** Opening GIVEN DATA block **
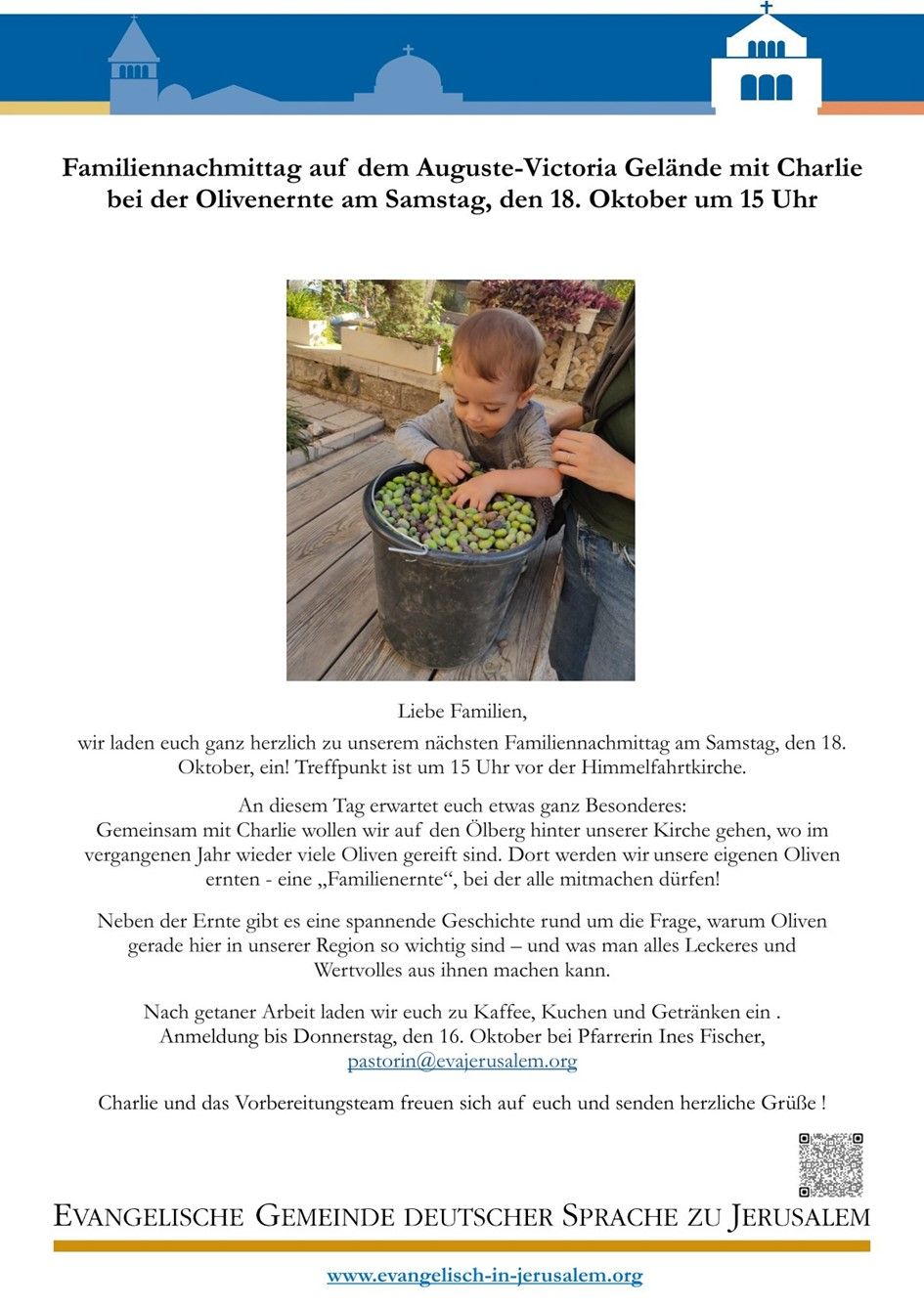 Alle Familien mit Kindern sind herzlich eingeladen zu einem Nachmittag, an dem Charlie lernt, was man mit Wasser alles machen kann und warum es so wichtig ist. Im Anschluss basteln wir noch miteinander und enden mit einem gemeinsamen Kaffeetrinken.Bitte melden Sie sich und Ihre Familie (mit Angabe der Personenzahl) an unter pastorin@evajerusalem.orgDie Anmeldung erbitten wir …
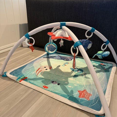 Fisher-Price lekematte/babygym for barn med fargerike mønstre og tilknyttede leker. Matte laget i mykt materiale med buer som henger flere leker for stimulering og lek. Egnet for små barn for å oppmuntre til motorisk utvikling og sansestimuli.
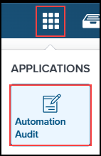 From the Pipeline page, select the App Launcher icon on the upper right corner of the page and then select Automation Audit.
** Closing GIVEN DATA block **
- **EXERCISE INSTRUCTIONS**
The range to transcribe runs from the line holding "Fisher-Price lekematte/babygym for" through the final line of the data above; copy it exactly and exclude the pictures.

- **REPLY**
 Fisher-Price lekematte/babygym for barn med fargerike mønstre og tilknyttede leker. Matte laget i mykt materiale med buer som henger flere leker for stimulering og lek. Egnet for små barn for å oppmuntre til motorisk utvikling og sansestimuli.
 From the Pipeline page, select the App Launcher icon on the upper right corner of the page and then select Automation Audit.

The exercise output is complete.